112-427 at 6 (2012).
    Assessment of State and local taxes would obstruct these express 
Federal policies supporting Tribal economic development and self-
determination, and also threaten substantial Tribal interests in 
effective Tribal government, economic self-sufficiency, and territorial 
autonomy. See Michigan v. Bay Mills Indian Community, 572 U.S. 782, 810 
(2014) (Sotomayor, J., concurring) (determining that ``[a] key goal of 
the Federal Government is to render Tribes more self-sufficient, and 
better positioned to fund their own sovereign functions, rather than 
relying on Federal funding''). The additional costs of State and local 
taxation have a chilling effect on potential lessees, as well as on a 
Tribe that, as a result, might refrain from exercising its own 
sovereign right to impose a Tribal tax to support its infrastructure 
needs.
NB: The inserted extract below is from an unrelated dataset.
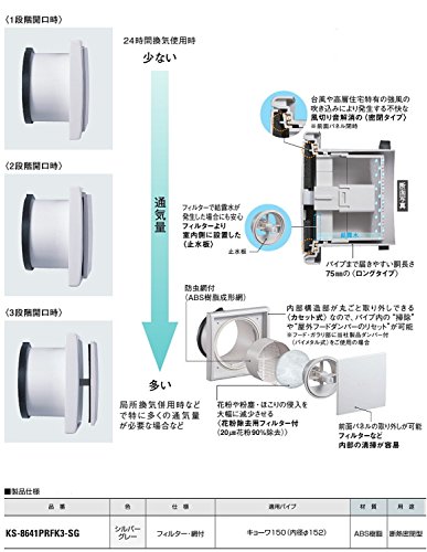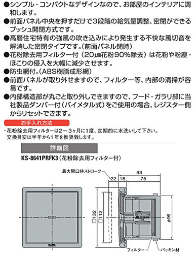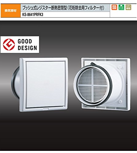 ナスタ 換気部材 プッシュ式レジスター 断熱密閉型 樹脂製 網付・花粉除去フィルター付KS-8641PRFK3-SG 150用 仕様・品番/網付・花粉除去フィルター付KS-8641PRFK3-SG 色/シルバーグレー 適応パイプ/キョーワ150(内径152mm) 材質/ABS樹脂 ●シンプル・コンパクトなデザインなので、お部屋のインテリアに調和します。 ●前面パネル中央を押すだけで3段階の給気量調整・密閉ができるプッシュ開閉式です。 ●高層住宅特有の強風の吹き込みにより発生する不快な風切音を解消した密閉タイプです。(前面パネル閉時) ●花粉除去用フィルター付は花粉や粉塵・ほこりの浸入を大幅に減少させます。 ●防虫網付。(ABS樹脂成形網) ●前面パネルが取り外せますので、フィルター等、内部の清掃が容易です。お手入れ方法花粉除去用フィルターは2~3ヶ月に1度、定期的に水洗いしてください。交換の目安は半年から1年を推奨します。
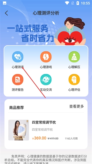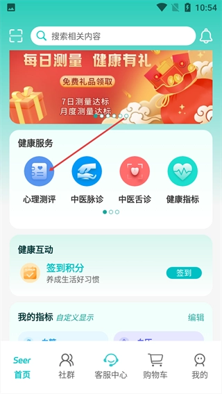 1、进入首页后,在健康服务板块点击【心理测评】功能。

See id. at 810-11 (finding that State and local taxes greatly 
discourage Tribes from raising tax revenue from the same sources 
because the imposition of double taxation would impede Tribal economic 
growth).
    Similar to BIA's surface leasing regulations, Tribal regulations 
under the HEARTH Act pervasively cover all aspects of leasing. See 25 
U.S.C. 415(h)(3)(B)(i) (requiring Tribal regulations be consistent with 
BIA surface leasing regulations). Furthermore, the Federal government 
remains involved in the Tribal land leasing process by approving the 
Tribal leasing regulations in the first instance and providing 
technical assistance, upon request by a Tribe, for the development of 
an environmental review process. The Secretary also retains authority 
to take any necessary actions to remedy violations of a lease or of the 
Tribal regulations, including terminating the lease or rescinding 
approval of the Tribal regulations and reassuming lease approval 
responsibilities. Moreover, the Secretary continues to review, approve, 
and monitor individual Indian land leases and other types of leases not 
covered under the Tribal regulations according to the Part 162 
regulations.
    Accordingly, the Federal and Tribal interests weigh heavily in 
favor of preemption of State and local taxes on lease-related 
activities and interests, regardless of whether the lease is governed 
by Tribal leasing regulations or Part 162. Improvements, activities, 
and leasehold or possessory interests may be subject to taxation by the 
Miccosukee Tribe of Indians.

Bryan Newland,
Assistant Secretary--Indian Affairs.